Jeffrey Tithof, Douglas H. Kelley, Humberto Mestre, Maiken Nedergaard, John H. Thomas

Research output: Contribution to journalArticle

5 Scopus citations


Background: Periarterial spaces (PASs) are annular channels that surround arteries in the brain and contain cerebrospinal fluid (CSF): a flow of CSF in these channels is thought to be an important part of the brain's system for clearing metabolic wastes. In vivo observations reveal that they are not concentric, circular annuli, however: the outer boundaries are often oblate, and the arteries that form the inner boundaries are often offset from the central axis. Methods: We model PAS cross-sections as circles surrounded by ellipses and vary the radii of the circles, major and minor axes of the ellipses, and two-dimensional eccentricities of the circles with respect to the ellipses. For each shape, we solve the governing Navier-Stokes equation to determine the velocity profile for steady laminar flow and then compute the corresponding hydraulic resistance.

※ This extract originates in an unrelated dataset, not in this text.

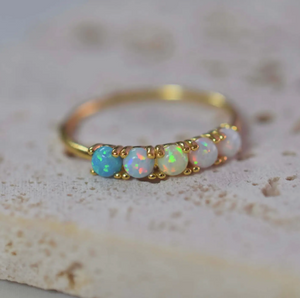 A dainty and easy to stack/layer band with an ombre color way of beautiful pastel opals.

Results: We find that the observed shapes of PASs have lower hydraulic resistance than concentric, circular annuli of the same size, and therefore allow faster, more efficient flow of cerebrospinal fluid. We find that the minimum hydraulic resistance (and therefore maximum flow rate) for a given PAS cross-sectional area occurs when the ellipse is elongated and intersects the circle, dividing the PAS into two lobes, as is common around pial arteries. We also find that if both the inner and outer boundaries are nearly circular, the minimum hydraulic resistance occurs when the eccentricity is large, as is common around penetrating arteries. Conclusions: The concentric circular annulus assumed in recent studies is not a good model of the shape of actual PASs observed in vivo, and it greatly overestimates the hydraulic resistance of the PAS. Our parameterization can be used to incorporate more realistic resistances into hydraulic network models of flow of cerebrospinal fluid in the brain. Our results demonstrate that actual shapes observed in vivo are nearly optimal, in the sense of offering the least hydraulic resistance. This optimization may well represent an evolutionary adaptation that maximizes clearance of metabolic waste from the brain.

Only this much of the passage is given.